Moylan reports that this ‘very typical feature of Rural SIE was already a shibboleth of the educational establishment’ in the late 19thC, quoting Peadar Ó Laoghaire’s My Story in which the priest recalls an inspector insulting a child and his family ‘before the entire school!’ for using do be. A reader of Sentence first reported their teacher forcing students to cut out and bury text with do be in it. The persistence of the usage despite such vicious opposition ‘is probably an index of the need felt for the aspectual distinction it makes’, Moylan writes.
The origin of these habitual-aspect forms in Irish English is not entirely clear but seems to point to Irish in contact with English. Dialectologist Joseph Wright in 1898 reported several examples of ‘to do be’ from Ireland and southern England. Hickey 2007 (PDF) summarises it as ‘convergence with English input in south, possibly with influence from Scots via Ulster; otherwise transfer of category from Irish’.*
Hickey 2005 (PDF) elaborates:
In syntax, there are many features which either have a single source in Irish or at least converged with English regional input to produce stable structures in later Irish English. To begin with, one must bear in mind that adult speakers learning a second language, especially in an unguided situation, search for equivalents to the grammatical categories they know from their native language. The less they know and use the second language, the more obvious this search is. A case in point would involve the habitual in Irish. […] There is no one-to-one formal or semantic correspondence to this in English, so what appears to have happened is that the Irish availed of the afunctional do of declarative sentence, which was still present in English at the time of renewed plantation in the early seventeenth century…
Lastly, Jeffrey L. Kallen 2012 (PDF) has some detail on usage, semantic differentiation and geographical distribution. He says the be form (what I’ve styled be’s) ‘is relatively invariant, almost always occurring as bes (sometimes spelled as be’s or bees) and never using regular morphology as in *I am.’ He presents the following illustrative set:
(10) a. Did you never read in the papers the way murdered men do bleed and drip? (Synge [1907] 1941: 129)
b. If I go in to meet a spark [‘electrician’], I do find a carpenter (Kallen 1989: 6)
c. He bes always joking (O’Neill 1947: 264)
d. She does be sitting there at nights watching Seven Days (Kallen 1989: 7)One unsettled question on generic/habitual verb forms concerns the differentiations which can be made within sets such as (10). Semantic differences can be suggested – as between the recurrence of discrete events seen in (10b) versus more extended states of affairs as in (10d) – but existing evidence does not give us a clear pattern.
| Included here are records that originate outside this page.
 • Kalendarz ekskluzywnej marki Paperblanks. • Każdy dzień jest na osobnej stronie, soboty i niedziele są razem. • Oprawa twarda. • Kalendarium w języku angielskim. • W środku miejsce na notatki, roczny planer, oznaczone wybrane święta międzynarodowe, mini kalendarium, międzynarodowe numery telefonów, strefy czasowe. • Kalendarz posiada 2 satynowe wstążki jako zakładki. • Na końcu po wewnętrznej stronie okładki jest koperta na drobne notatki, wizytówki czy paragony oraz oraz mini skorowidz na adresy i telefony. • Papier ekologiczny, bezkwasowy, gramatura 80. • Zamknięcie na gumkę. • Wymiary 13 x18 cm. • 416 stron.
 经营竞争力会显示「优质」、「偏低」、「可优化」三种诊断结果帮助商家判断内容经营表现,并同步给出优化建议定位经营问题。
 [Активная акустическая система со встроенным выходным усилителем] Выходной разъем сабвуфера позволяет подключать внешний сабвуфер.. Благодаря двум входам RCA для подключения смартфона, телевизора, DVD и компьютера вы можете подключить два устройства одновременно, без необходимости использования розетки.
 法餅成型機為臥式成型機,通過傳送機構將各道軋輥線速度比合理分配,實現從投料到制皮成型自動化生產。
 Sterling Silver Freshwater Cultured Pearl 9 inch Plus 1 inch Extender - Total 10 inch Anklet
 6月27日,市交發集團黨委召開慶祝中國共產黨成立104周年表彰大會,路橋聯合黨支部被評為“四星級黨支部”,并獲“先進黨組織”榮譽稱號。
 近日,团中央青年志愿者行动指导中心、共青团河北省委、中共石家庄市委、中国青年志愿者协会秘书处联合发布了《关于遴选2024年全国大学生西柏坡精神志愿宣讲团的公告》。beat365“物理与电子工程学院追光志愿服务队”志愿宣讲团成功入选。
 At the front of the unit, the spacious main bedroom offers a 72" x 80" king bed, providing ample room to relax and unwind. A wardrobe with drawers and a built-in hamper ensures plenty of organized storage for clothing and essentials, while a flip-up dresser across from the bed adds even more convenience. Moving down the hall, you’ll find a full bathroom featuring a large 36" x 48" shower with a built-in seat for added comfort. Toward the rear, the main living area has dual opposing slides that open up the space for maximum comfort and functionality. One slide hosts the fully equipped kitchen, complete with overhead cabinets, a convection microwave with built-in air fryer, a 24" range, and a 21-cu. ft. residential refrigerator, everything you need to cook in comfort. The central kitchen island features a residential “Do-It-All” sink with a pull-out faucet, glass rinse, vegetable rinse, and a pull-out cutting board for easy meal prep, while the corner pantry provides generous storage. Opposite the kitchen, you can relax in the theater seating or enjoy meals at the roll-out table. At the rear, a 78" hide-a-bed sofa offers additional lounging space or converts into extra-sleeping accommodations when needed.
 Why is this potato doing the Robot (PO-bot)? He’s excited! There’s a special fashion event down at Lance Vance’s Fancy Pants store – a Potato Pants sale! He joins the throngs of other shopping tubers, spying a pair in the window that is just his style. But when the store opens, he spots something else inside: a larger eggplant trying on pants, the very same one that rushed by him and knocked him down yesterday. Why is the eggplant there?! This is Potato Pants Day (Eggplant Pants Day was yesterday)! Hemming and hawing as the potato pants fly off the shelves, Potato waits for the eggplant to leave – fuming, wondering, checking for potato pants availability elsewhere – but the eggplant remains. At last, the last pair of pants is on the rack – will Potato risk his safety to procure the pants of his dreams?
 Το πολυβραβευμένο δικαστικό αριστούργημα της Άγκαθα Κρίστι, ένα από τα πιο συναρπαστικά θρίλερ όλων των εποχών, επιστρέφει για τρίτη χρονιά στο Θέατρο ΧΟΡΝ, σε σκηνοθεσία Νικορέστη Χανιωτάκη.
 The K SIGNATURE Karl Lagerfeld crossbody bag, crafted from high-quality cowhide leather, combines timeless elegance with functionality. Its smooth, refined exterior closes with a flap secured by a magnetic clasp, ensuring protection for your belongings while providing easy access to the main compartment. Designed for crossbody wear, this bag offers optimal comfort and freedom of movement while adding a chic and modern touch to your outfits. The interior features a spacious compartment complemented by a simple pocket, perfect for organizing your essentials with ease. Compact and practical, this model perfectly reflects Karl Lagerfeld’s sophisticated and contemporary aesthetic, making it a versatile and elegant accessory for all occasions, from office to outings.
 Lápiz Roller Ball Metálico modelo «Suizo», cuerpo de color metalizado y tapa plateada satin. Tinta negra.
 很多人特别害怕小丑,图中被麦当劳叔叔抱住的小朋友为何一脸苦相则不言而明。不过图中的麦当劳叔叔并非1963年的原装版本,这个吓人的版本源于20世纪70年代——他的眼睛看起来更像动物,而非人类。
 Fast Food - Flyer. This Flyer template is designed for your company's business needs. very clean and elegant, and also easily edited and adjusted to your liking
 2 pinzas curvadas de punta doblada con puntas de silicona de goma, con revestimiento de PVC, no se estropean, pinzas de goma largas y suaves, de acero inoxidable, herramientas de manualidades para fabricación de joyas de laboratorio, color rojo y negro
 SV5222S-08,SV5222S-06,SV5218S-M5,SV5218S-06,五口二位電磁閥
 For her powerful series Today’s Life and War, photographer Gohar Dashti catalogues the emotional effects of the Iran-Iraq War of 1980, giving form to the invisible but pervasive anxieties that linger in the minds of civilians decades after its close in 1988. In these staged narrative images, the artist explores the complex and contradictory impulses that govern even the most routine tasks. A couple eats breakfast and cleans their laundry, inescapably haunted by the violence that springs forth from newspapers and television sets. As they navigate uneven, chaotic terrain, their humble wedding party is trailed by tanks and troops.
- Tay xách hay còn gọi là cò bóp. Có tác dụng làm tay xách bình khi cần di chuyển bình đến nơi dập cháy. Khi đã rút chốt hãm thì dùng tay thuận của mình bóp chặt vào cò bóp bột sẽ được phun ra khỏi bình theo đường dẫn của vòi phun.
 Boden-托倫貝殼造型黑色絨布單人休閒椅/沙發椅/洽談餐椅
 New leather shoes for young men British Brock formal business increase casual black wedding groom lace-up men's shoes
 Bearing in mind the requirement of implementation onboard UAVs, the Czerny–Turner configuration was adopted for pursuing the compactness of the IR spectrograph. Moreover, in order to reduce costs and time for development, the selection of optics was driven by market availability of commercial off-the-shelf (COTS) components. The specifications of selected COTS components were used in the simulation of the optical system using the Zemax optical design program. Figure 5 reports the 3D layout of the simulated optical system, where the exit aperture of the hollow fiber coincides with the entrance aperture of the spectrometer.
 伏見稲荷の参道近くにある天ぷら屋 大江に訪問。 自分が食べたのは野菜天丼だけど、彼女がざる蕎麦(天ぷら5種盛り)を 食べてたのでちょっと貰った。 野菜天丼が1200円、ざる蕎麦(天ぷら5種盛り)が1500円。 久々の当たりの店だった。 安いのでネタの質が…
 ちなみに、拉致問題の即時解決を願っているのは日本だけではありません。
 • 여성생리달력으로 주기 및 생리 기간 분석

Kallen says that despite intimations that be forms are ‘more specifically associated with the Ulster dialect area’, it is attested in southern Irish counties including Dublin and neighbouring Meath in the east, Galway and Roscommon in the west, and Wexford in the southeast (albeit recessive). So the two forms’ relative geographical distribution is not as clear-cut as some sources say.
Moylan suggests that the usage is on the way out. I hope not.
*
* It’s also worth noting the parallels with African-American Vernacular English; see for example Collins 2006 and Rickford 1999. AAVE do she be equates, I think, to HibE does she be. Both offer be’s/bees. Do be is definitely not available in standard English: Pollock 1989 (PDF), discussing so-called ‘do support’, explicitly contrasts John is not happy with *John does not be happy – but the Asterisk of Incorrectness would not apply in Ireland.